[What the task requires] With the line containing "在【我的VR全景】頁面,點擊【創(chuàng)建全景】進入編輯頁面" as the start and the line containing "在331項(xiàng)科技" as the end, transcribe that span of the entries below exactly, including both.

**** Recorded information ****

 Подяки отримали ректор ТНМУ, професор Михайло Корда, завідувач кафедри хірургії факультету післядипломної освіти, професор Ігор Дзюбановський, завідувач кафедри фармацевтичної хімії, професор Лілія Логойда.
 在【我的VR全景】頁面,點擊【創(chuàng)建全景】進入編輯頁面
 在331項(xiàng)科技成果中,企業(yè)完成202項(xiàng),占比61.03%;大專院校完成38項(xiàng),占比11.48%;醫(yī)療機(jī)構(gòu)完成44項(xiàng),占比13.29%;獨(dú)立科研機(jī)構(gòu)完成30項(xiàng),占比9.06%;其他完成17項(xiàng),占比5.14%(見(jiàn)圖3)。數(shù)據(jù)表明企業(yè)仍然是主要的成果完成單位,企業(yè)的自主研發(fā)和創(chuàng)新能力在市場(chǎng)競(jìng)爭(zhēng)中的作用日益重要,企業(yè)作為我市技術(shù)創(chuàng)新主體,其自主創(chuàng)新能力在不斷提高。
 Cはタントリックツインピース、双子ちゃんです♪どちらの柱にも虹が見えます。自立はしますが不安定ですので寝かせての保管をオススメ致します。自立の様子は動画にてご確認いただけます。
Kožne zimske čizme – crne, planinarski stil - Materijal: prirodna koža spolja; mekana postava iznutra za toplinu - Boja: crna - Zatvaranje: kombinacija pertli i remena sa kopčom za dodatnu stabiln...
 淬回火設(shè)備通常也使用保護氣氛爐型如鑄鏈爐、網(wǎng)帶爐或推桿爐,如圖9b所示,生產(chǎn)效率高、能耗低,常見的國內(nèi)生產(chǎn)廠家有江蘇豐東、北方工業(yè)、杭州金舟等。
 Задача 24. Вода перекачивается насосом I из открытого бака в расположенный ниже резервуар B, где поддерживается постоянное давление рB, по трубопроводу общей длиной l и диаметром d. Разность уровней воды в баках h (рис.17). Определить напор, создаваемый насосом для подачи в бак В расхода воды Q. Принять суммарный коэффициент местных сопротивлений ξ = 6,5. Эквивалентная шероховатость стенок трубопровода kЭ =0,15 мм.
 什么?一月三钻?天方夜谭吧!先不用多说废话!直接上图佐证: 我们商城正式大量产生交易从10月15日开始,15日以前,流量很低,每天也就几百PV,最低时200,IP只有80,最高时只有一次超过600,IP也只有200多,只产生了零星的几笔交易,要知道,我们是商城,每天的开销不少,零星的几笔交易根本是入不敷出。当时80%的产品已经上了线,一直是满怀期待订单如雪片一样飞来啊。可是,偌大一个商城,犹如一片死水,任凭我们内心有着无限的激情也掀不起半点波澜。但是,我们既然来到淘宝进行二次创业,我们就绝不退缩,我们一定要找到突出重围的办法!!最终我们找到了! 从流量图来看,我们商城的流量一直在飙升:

****
**** Recorded information ****

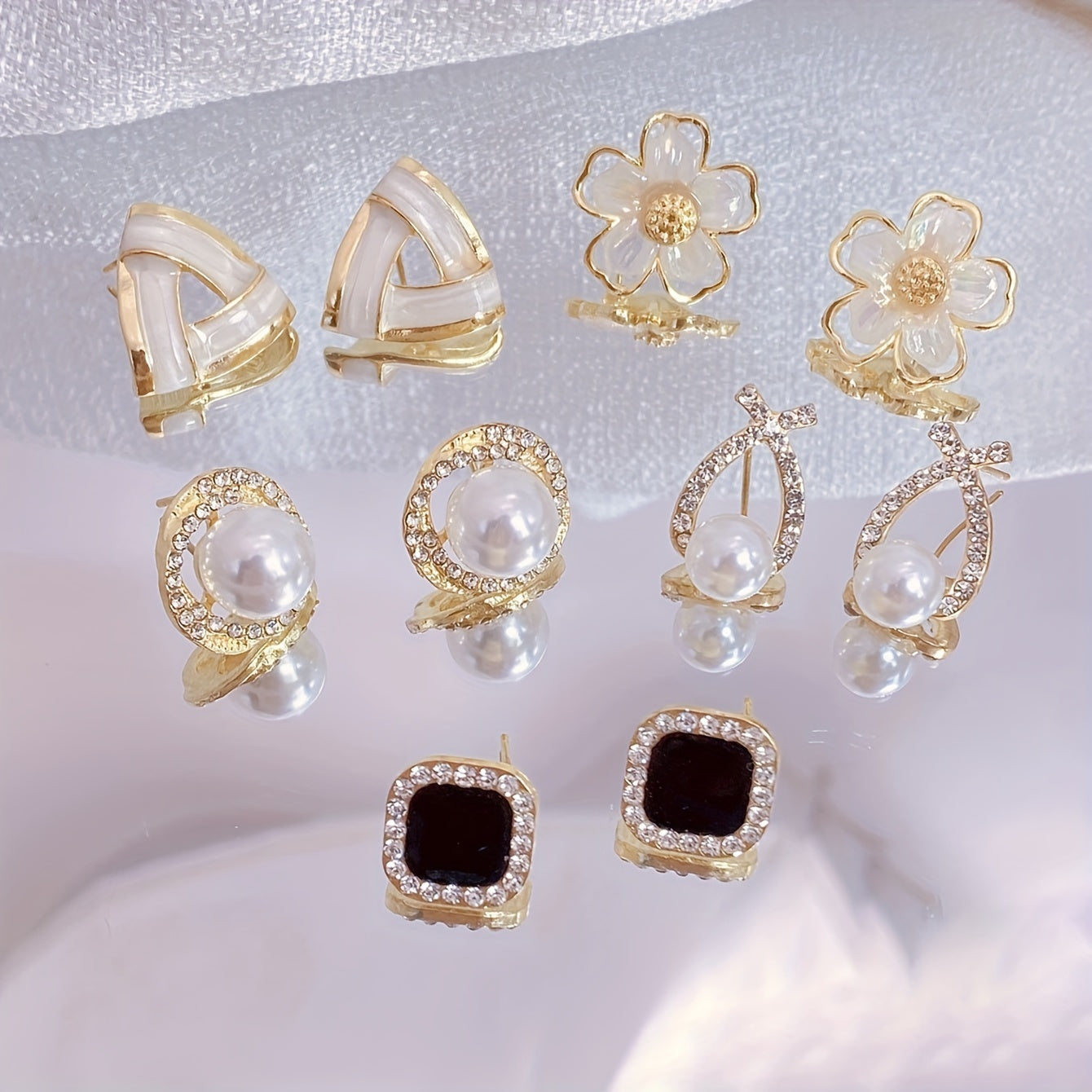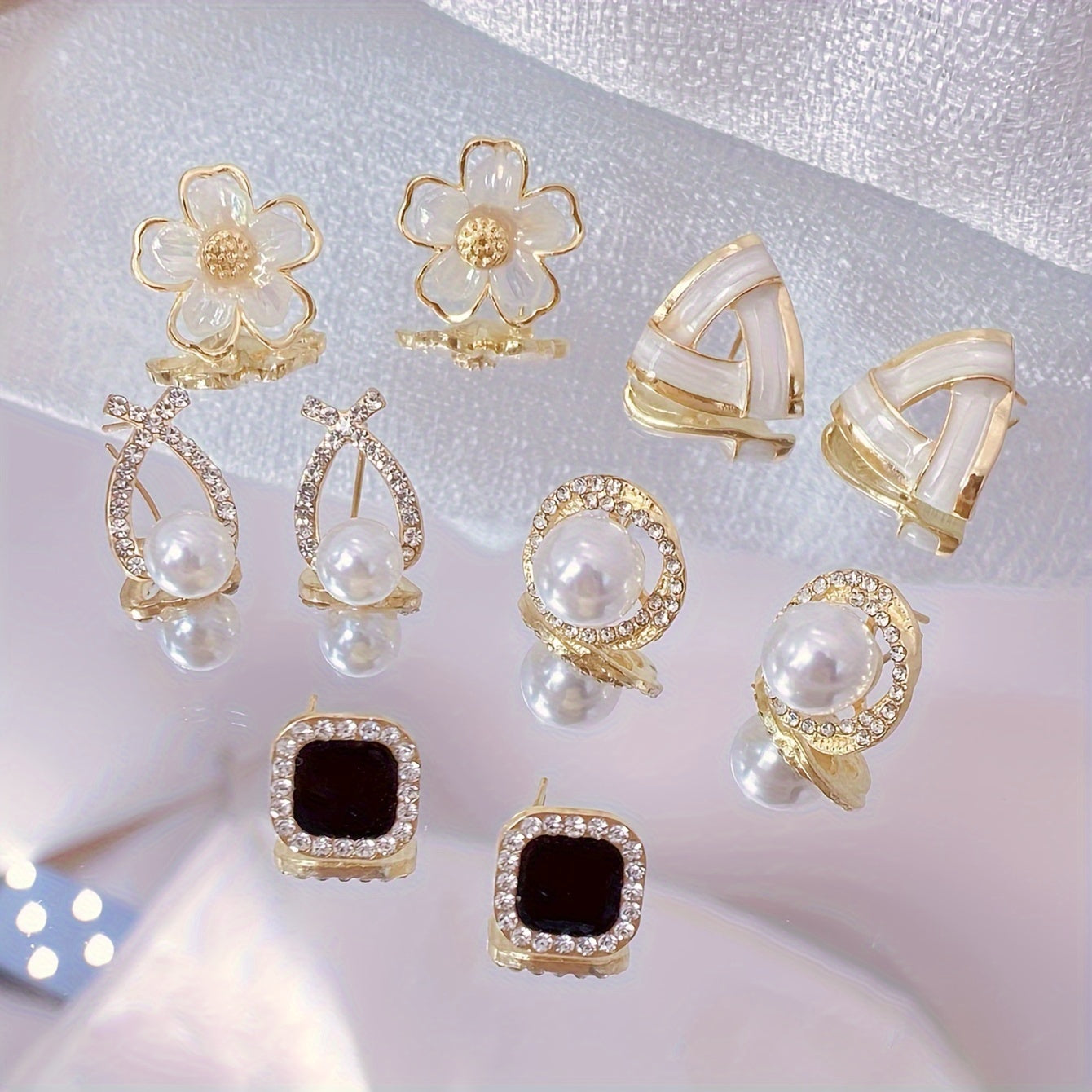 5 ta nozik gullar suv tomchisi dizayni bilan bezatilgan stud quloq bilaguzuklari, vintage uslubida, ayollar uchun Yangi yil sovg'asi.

****

[Expected answer]
 在【我的VR全景】頁面,點擊【創(chuàng)建全景】進入編輯頁面
 在331項(xiàng)科技成果中,企業(yè)完成202項(xiàng),占比61.03%;大專院校完成38項(xiàng),占比11.48%;醫(yī)療機(jī)構(gòu)完成44項(xiàng),占比13.29%;獨(dú)立科研機(jī)構(gòu)完成30項(xiàng),占比9.06%;其他完成17項(xiàng),占比5.14%(見(jiàn)圖3)。數(shù)據(jù)表明企業(yè)仍然是主要的成果完成單位,企業(yè)的自主研發(fā)和創(chuàng)新能力在市場(chǎng)競(jìng)爭(zhēng)中的作用日益重要,企業(yè)作為我市技術(shù)創(chuàng)新主體,其自主創(chuàng)新能力在不斷提高。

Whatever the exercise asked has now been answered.